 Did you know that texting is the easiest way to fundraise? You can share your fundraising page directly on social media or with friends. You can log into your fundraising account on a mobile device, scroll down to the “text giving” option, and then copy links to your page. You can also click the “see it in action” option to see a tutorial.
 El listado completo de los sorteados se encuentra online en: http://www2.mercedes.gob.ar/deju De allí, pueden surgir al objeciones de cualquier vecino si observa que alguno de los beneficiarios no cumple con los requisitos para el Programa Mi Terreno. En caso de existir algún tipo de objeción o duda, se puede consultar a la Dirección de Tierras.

==

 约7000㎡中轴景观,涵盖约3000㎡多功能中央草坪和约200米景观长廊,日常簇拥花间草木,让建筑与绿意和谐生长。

...

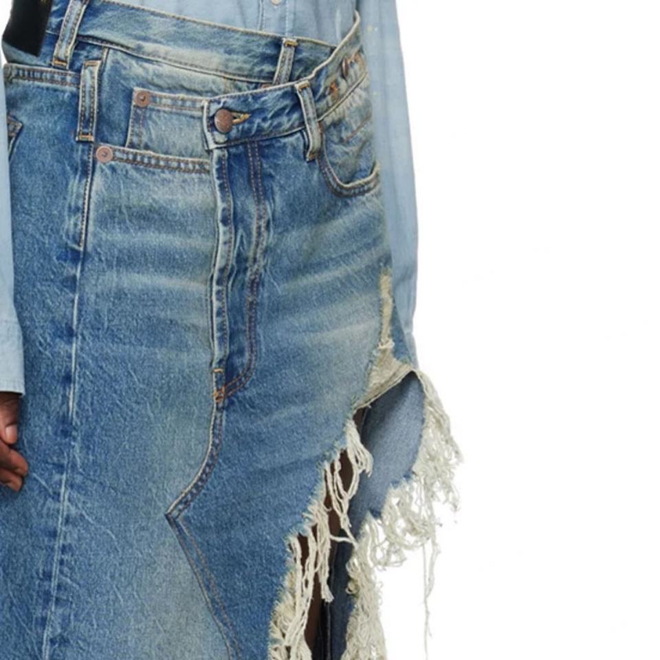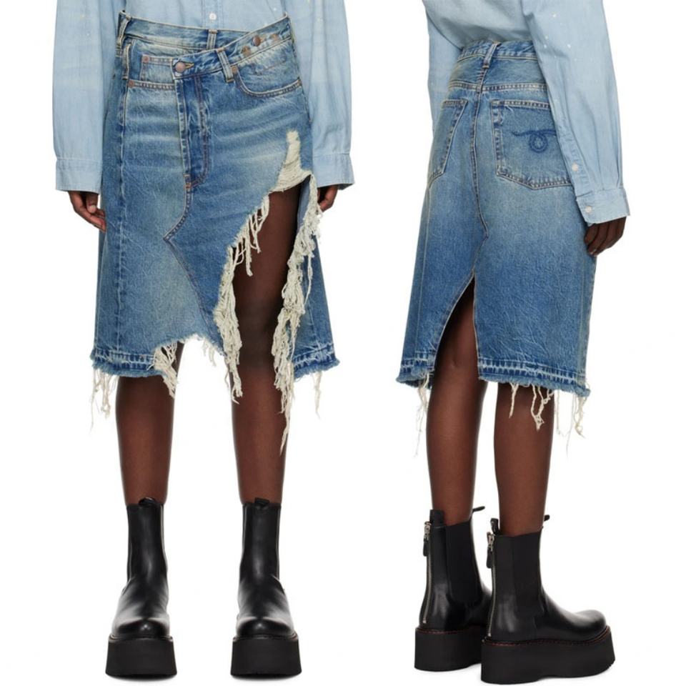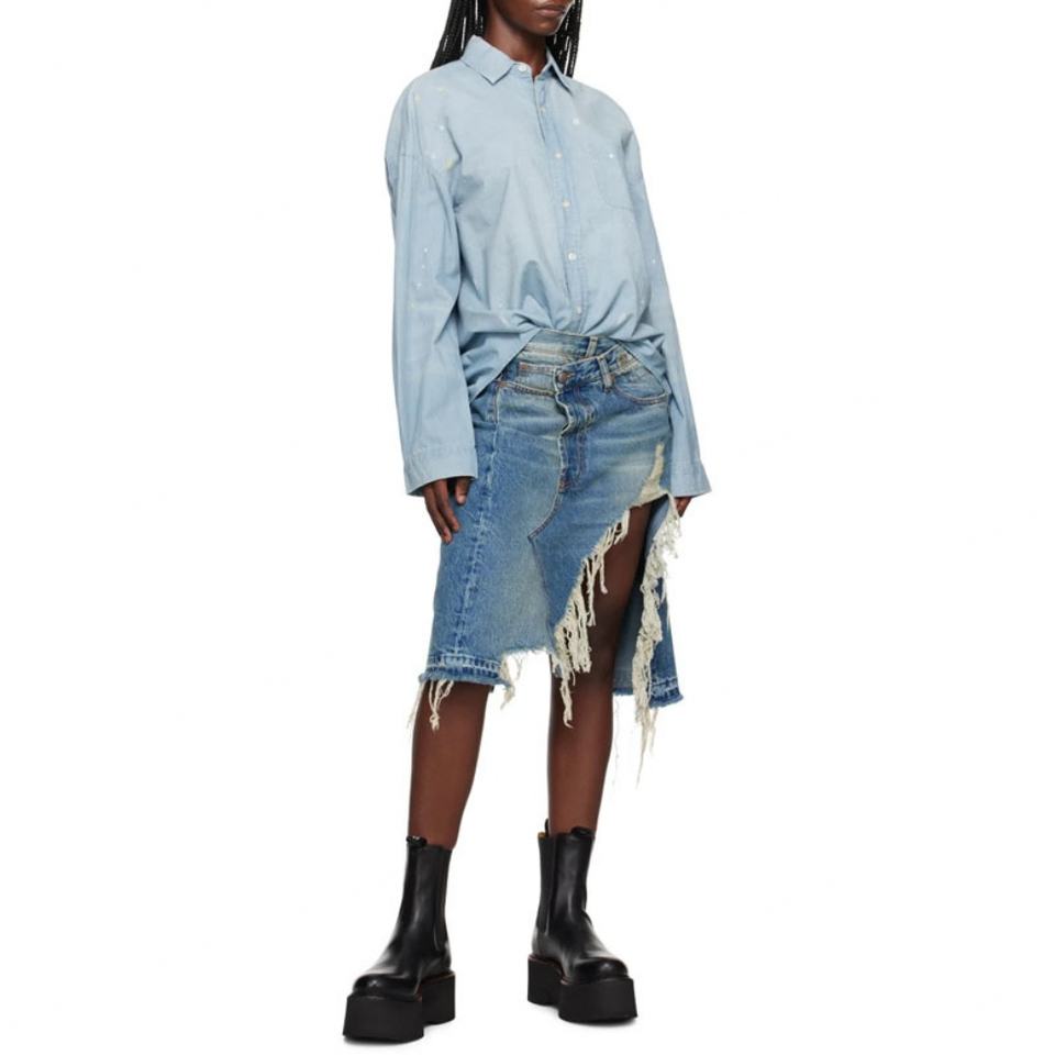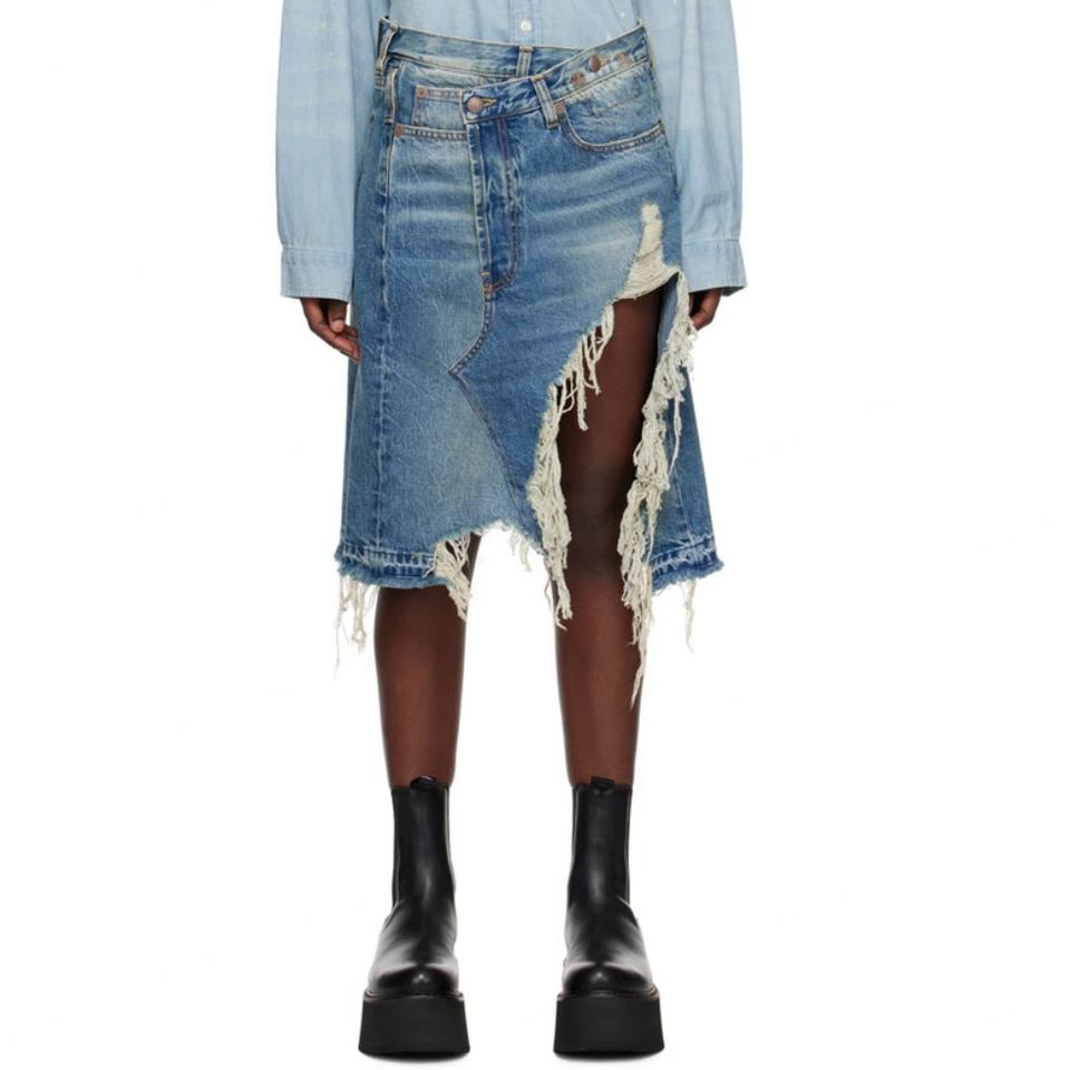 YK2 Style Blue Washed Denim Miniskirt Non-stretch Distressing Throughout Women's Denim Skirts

- [What you have to do]: Would you print exactly, and only, the lines of the data above from the line with "Did you know" through the line with "El listado completo", inclusive?

- [Written solution]:
 Did you know that texting is the easiest way to fundraise? You can share your fundraising page directly on social media or with friends. You can log into your fundraising account on a mobile device, scroll down to the “text giving” option, and then copy links to your page. You can also click the “see it in action” option to see a tutorial.
 El listado completo de los sorteados se encuentra online en: http://www2.mercedes.gob.ar/deju De allí, pueden surgir al objeciones de cualquier vecino si observa que alguno de los beneficiarios no cumple con los requisitos para el Programa Mi Terreno. En caso de existir algún tipo de objeción o duda, se puede consultar a la Dirección de Tierras.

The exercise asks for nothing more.